Leaving NAFTA: Will it Undermine Trump’s Energy Policy? | Global Trade Magazine
International Trade
  February 13th, 2018 | Written by

Leaving NAFTA: Will it Undermine Trump’s Energy Policy?

Gas Exports to Mexico Are Important to US ‘Dominance’

Sharelines

  • The US became a net exporter of natural gas for the first time since in at least 60 years.
  • The US Energy Information Administration projected the US could become an overall net energy exporter by 2026.
  • Trump’s "energy dominance" policy could be undermined if he pulls the US out of NAFTA.

The United States became a net exporter of natural gas for the first time since in at least 60 years, according to Bloomberg News reports. Last year, the US Energy Information Administration (EIA) projected the United States could become an overall net energy exporter by 2026.

President Donald Trump, with his “energy dominance” policy, would like that to happen sooner. But his threats to pull out of the North American Free Trade Agreement—if he actually acts on it—could undermine his own agenda.

According to Victoria Zaretskaya, a natural gas forecasting export at EIA, the trend toward the US becoming a major energy exporter is dependent upon the “significant projected increase” in natural gas exports to Mexico and the rest of the world.

But what happens if the US withdraws from NAFTA? Gas to Mexico will no longer be unencumbered by heavy tariffs, a situation which could motivate Mexico to source it natural gas elsewhere. The system of resolving international trade disputes, called investor-state dispute settlement, that oil and gas developers in Mexico such as ExxonMobil rely upon, would also go away.

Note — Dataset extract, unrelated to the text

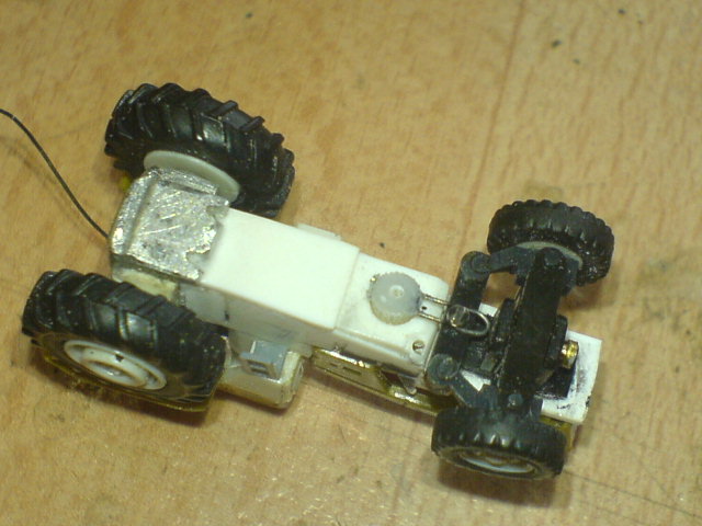 Ein kleiner Servo passt von der Breite her genau zum Fahrgestell des Treckers und wurde hinten, quasi als Getriebeblock, an das Vorderteil angeklebt.
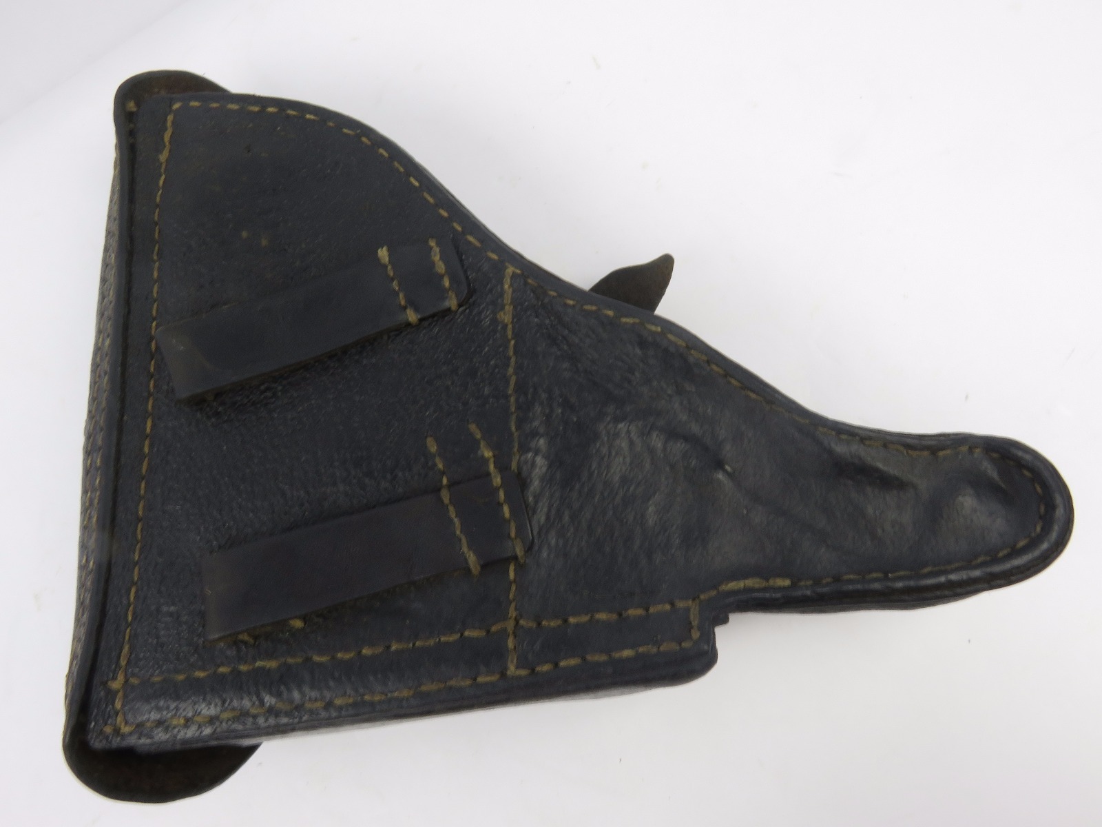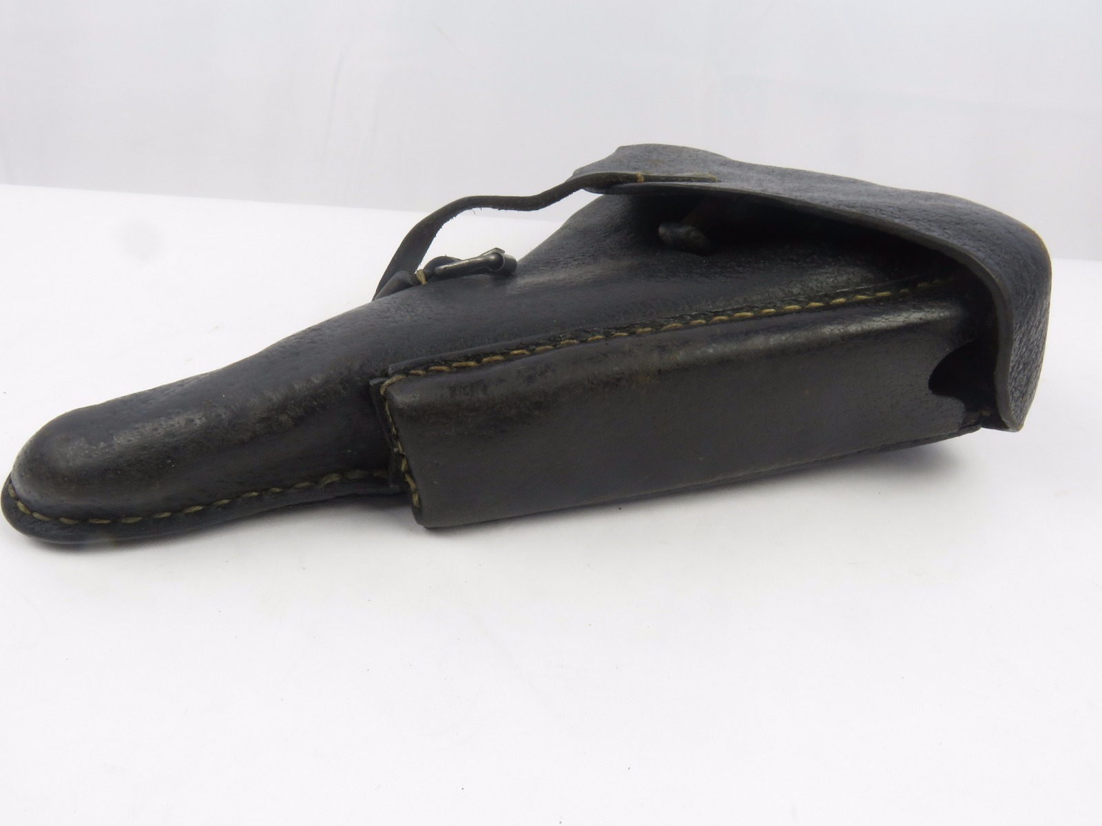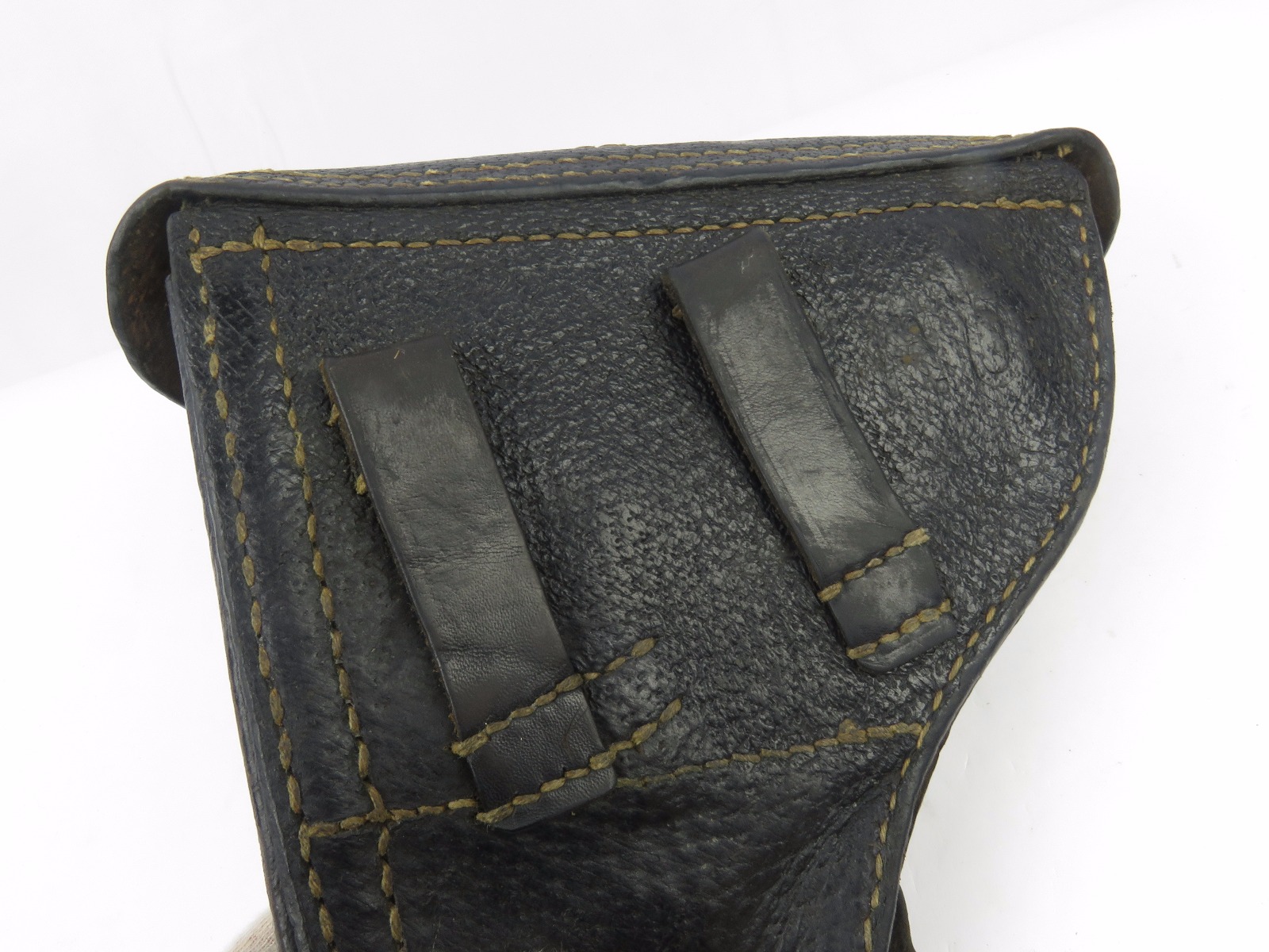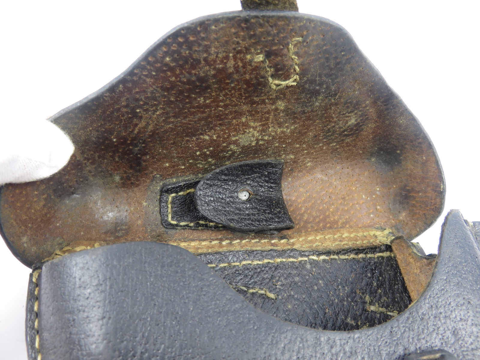 10/31/17 – This is a rare variation Luger holster made with pigskin leather. These holsters are often paired/seen with Black Widow Lugers, but it’s only speculation that they were often issued this way. This holster is correct for a black widow though, given the black leather and “42” date stamp on the back leather. The back leather is also P.08 stamped and “erg” stamped. I can’t find a waffen proof although there could be one within the poc marks of the pigskin leather. The leather is worn and shows signs of signifcant use – which makes it a cool piece of history. The leather is completely in tact though with nice shape and excellent stitching. The closure strap has a surface crack that doesn’t go very deep but is notable. Guaranteed original.

That’s why Jack Gerard, the head of the American Petroleum Institute, which represents natural gas companies, urged the Trump administration to stay in NAFTA even if an update to the agreement cannot be brokered between the US, Mexico, and Canada.

“Global trade flows have played a critical role in America’s energy renaissance, spurring economic growth and investment and creating American jobs,” said Gerard. “North America provides a great example of integrated and interdependent energy markets that benefit all three trading partners. And NAFTA has been critical to that success. NAFTA makes energy more affordable and improves opportunities for U.S. companies in Canada and Mexico. As the administration continues negotiations with Canada and Mexico, we urge them to seek modernization in ways that maintain these benefits.”